Revision as of 15:43, 26 December 2021

Marko Tsepenkov

Marko Kostov Tsepenkov (Bulgarian and Template:Lang-mk) (1829, Prilep, Ottoman Empire; now North Macedonia — 1920, Sofia, Kingdom of Bulgaria) was a Bulgarian folklorist from Ottoman Macedonia.[1] In his own time, he identified himself,[2] his compatriots[3] and his language as Bulgarian.[4][5][6][7][8][9]

After WWII, his native dialect was reclassified as part of the newly codified Macedonian language,[10][11][12] and according to the subsequently developed Macedonian historiography, he was an ethnic Macedonian writer and poet.[13][14][15] According to Macedonian researcher Blaze Ristovski, there is no document where Tsepenkov presented himself as an ethnic Macedonian.[16]

Biography

Tsepenkov was a writer and collector of folk literary works. His family moved to Prilep from village of Oreovec. His father, Kosta, lived in Kruševo for a period of time, before Marko Cepenkov was born.

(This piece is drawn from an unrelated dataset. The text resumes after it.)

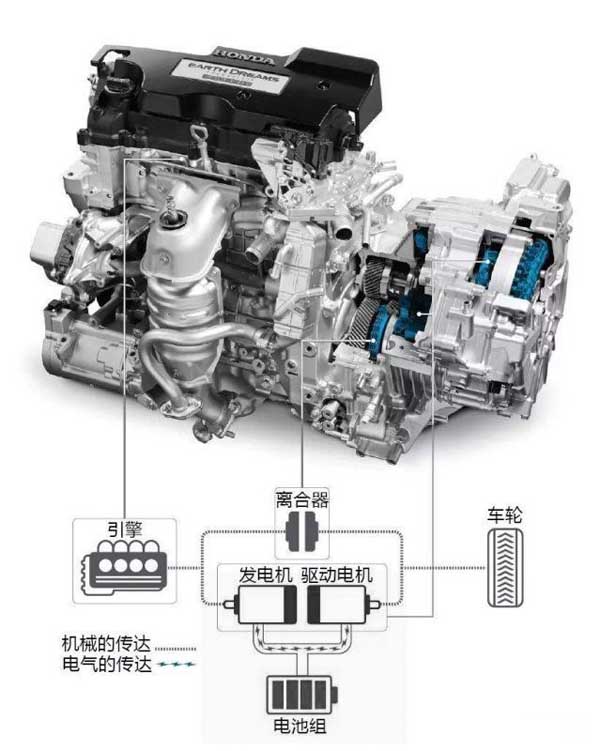混動模式發(fā)動機除了充當增程器之外,需要更強動力時發(fā)動機會與傳動軸直接相連,同時動力電池供電給驅(qū)動電機,實現(xiàn)電動機與發(fā)動機二者動力之和驅(qū)動車輪的混合驅(qū)動模式。同時這一驅(qū)動方式在雅閣混動上沒有出現(xiàn)的驅(qū)動形式。

Since his father was a traveler, Cepenkov earned the opportunity to travel. He lived in Ohrid and Struga and visited other places in the country by the time he was fourteen. Cepenkov was educated in small Greek schools. In 1844 he moved to Prilep, where he attended the private school of Hadji pop Konstantin Dimkov and father Aleksa, for two years. He also became a tailor and while working in the shop he met a lot of people who would tell him folk stories. Cepenkov was also a good narrator and knew a lot of folk stories. Since then he became a collector of folk stories and other folk works. In 1857 Cepenkov was a teacher in Prilep. After he met Dimitar Miladinov he started collecting more and more folk works: songs, stories, riddles, and others. In that time he knew more than 150 stories and wrote one to two stories per week, as he mentions in his Autobiography. Marko Tsepenkov contacted with other figures of the Bulgarian National Revival period who noted down folklore, such as Kuzman Shapkarev and Metodi Kusev. He was influenced by the works of Georgi Rakovski, Vasil Cholakov, Ivan Blaskov and Dimitar Matov.[17]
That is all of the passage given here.